1972 Nissan Fairlady Z432 R
The Nissan Z-series is a model series of sports cars manufactured by Nissan, in seven generations since 1969.
The original Z was sold from October 1969 in Japan as the Nissan Fairlady Z at Nissan Exhibition dealerships that previously sold the Nissan Bluebird. It was initially marketed as the Datsun 240Z for international customers. Since then, Nissan has manufactured seven generations of Z-cars, with the most recent—simply known as the Nissan Z—in production since 2022.

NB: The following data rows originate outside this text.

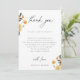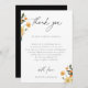 Aquarellfarben Citrus Orange und Floral zeitgenössischer Chic Minimalistisch, Hochzeitsempfang danke Ihnen Tischkarte. Template bietet mehrere Zeilen für Ihre individuelle Danksagung Nachricht. Features, schwarze Typografie zur Koordination von schwarz-weiß Hintergrund.
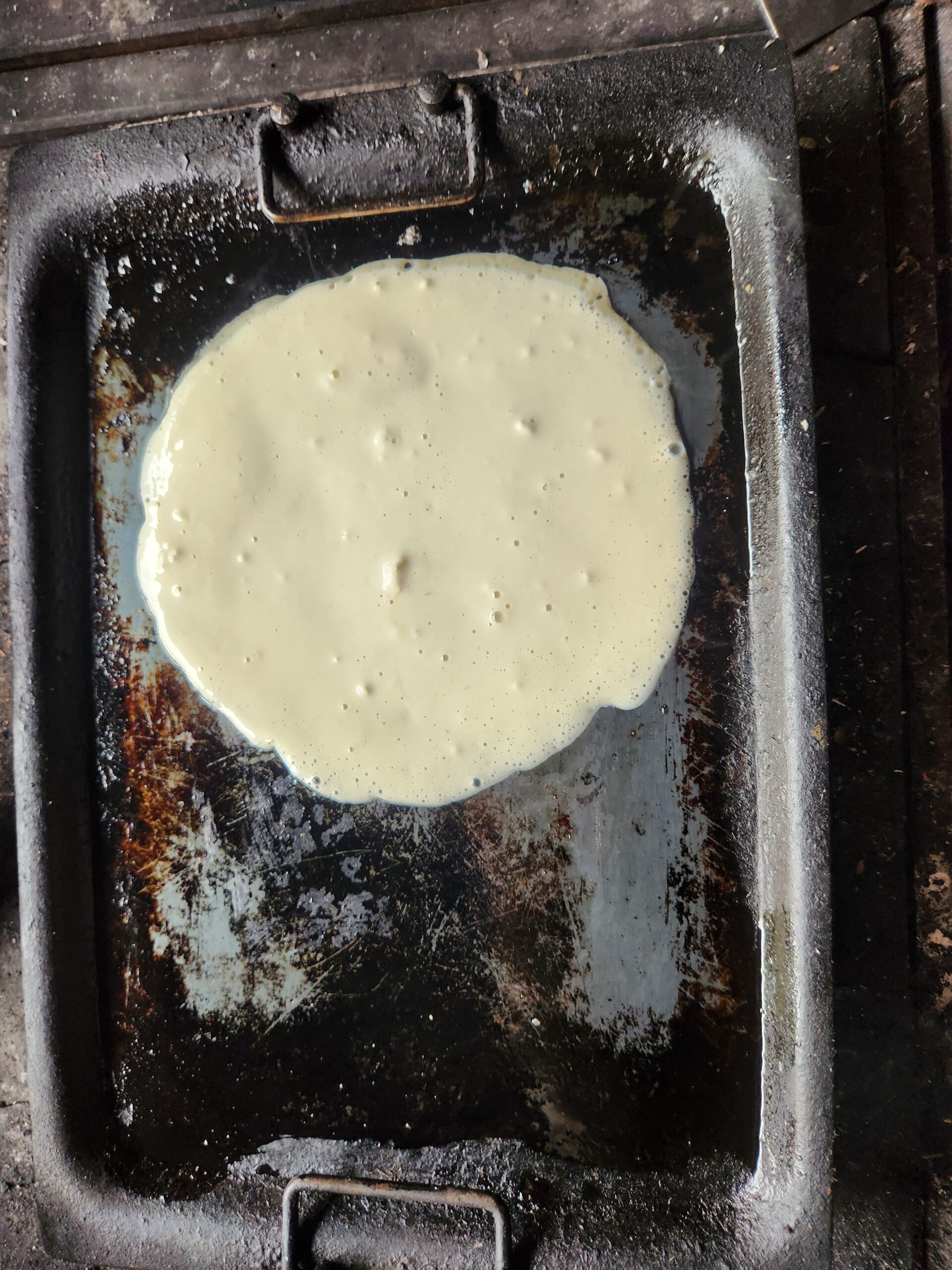 お玉の底で丸く広げておく。
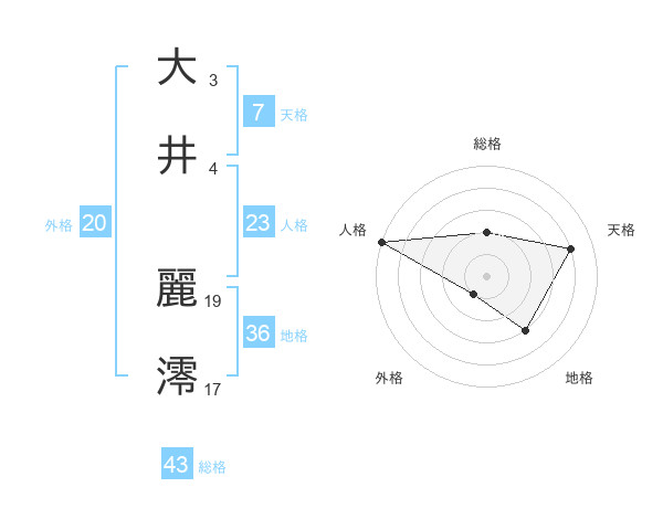大井 麗澪さんを姓名の画数から五運を鑑定
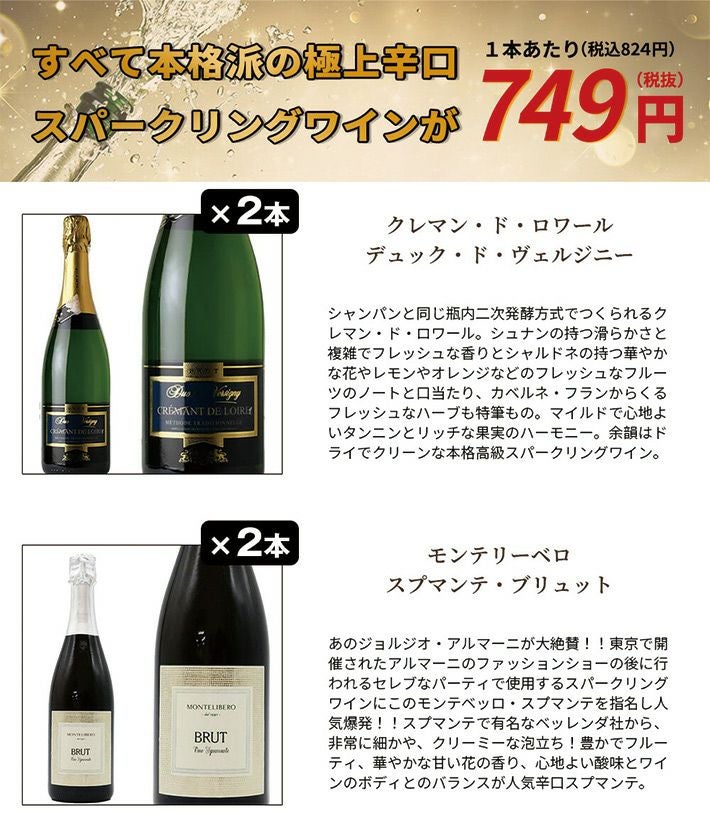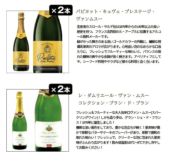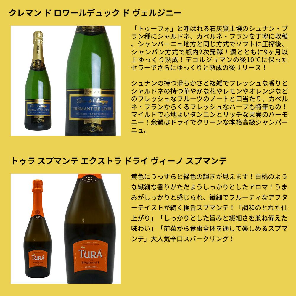 他の画像を見る 送料無料】玉手箱厳選!すべて本格派の極上辛口泡12本セット ワインセット スパークリング(6種類×各2)Tamatebako Select Sparkling 12 Set スパークリング ワインセット 送料無料 当店特別価格 ¥ 9,384 税込 カートに入れる お気に入りに登録する
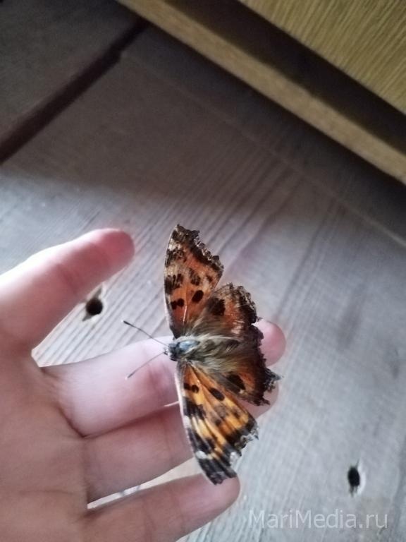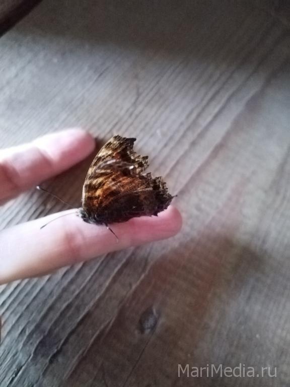 По словам очевидцев, бабочка сидела на полу на первом этаже. Сперва показалось, что она неживая, но когда её тронули, она раскрыла крылышки.

The relatively recent emergence of JDM or Japanese Domestic Market vehicles into the collection of fine automobiles has been celebrated for adding variety and color to the landscape. Early or special JDM vehicles demonstrate the exceptional design and build quality for which this market became renown. There is, perhaps, no JDM model that speaks more to this than a genuine performance ‘432’ variant of the Nissan Fairlady Z.
This car is the high performance Model Z432 on which S20 engine of an inline 6-cylinder 4-valve DOHC and 160ps is mounted. This engine is same as that of the third generation Skyline 2000GT-R (PGC10). “432” comes from the engine configuration of S20, i.e. “4 valves, 3 carburetors, and 2 camshafts.”
Sections of the bodywork were stamped out of thinner-gauge steel, and all the glass apart from the windshield was replaced with acrylic. There were no creature comforts, no heater, no radio, no clock, no glovebox, and no sound-deadening. All the stainless-steel garnish was missing from the windows, not so much a decision to remove weight as about only adding the essentials. Some road-car owners optioned heaters just to clear the front window on a wet day, but the R was as bare-bones as it gets.
To the unfamiliar eye, the Fairlady Z 432 looks like a standard Datsun 240Z, though from a performance perspective, the Z 432 is in a league of its own. Its speed was due to the Nissan Skyline GT-R S20 engine that the engineers had shoehorned under the bonnet.